GIVEN RECORDS
--- START ---
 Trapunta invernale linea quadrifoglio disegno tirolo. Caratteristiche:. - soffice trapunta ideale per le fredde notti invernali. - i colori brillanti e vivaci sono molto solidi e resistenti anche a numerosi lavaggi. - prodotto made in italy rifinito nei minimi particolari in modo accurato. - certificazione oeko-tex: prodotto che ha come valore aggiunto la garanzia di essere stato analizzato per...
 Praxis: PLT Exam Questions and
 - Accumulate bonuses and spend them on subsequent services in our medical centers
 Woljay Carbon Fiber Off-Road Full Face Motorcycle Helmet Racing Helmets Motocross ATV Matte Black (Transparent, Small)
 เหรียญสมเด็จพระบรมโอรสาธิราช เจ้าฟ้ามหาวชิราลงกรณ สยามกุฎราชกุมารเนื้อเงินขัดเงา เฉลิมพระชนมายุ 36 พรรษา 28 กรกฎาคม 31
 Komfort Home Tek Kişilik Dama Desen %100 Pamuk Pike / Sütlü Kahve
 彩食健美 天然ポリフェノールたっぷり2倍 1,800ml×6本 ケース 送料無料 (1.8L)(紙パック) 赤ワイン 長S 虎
--- END ---
--- START ---
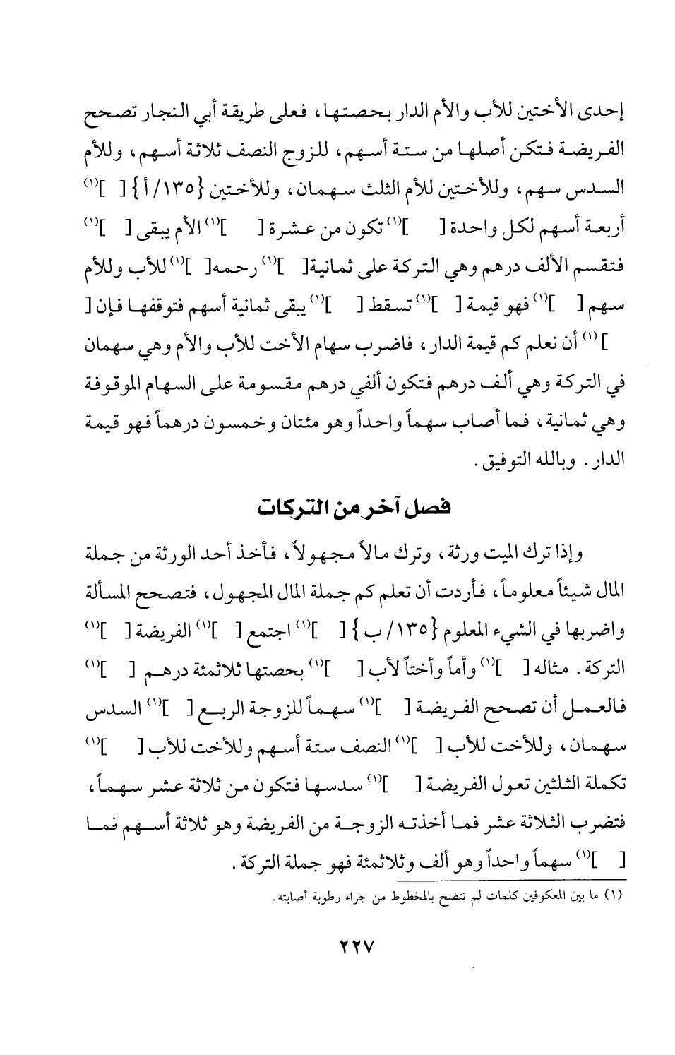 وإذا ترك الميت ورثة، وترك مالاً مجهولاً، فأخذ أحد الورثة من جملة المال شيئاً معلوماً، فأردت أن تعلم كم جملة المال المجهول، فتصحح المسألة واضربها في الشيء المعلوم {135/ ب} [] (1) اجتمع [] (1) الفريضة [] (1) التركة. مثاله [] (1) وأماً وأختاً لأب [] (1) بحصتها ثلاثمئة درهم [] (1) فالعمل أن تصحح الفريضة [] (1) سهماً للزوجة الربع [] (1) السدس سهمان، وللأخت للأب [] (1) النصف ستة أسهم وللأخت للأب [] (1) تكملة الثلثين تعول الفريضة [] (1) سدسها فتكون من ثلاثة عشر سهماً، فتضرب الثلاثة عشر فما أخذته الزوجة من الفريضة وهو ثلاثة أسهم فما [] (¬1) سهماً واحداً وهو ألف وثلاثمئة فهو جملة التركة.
--- END ---
PROMPT
Look above for the line holding "- Accumulate bonuses" and the line holding "彩食健美 天然ポリフェノールたっぷり2倍 1,800ml×6本". Retype both, and every line between them, word for word and nothing else.

RESULT
 - Accumulate bonuses and spend them on subsequent services in our medical centers
 Woljay Carbon Fiber Off-Road Full Face Motorcycle Helmet Racing Helmets Motocross ATV Matte Black (Transparent, Small)
 เหรียญสมเด็จพระบรมโอรสาธิราช เจ้าฟ้ามหาวชิราลงกรณ สยามกุฎราชกุมารเนื้อเงินขัดเงา เฉลิมพระชนมายุ 36 พรรษา 28 กรกฎาคม 31
 Komfort Home Tek Kişilik Dama Desen %100 Pamuk Pike / Sütlü Kahve
 彩食健美 天然ポリフェノールたっぷり2倍 1,800ml×6本 ケース 送料無料 (1.8L)(紙パック) 赤ワイン 長S 虎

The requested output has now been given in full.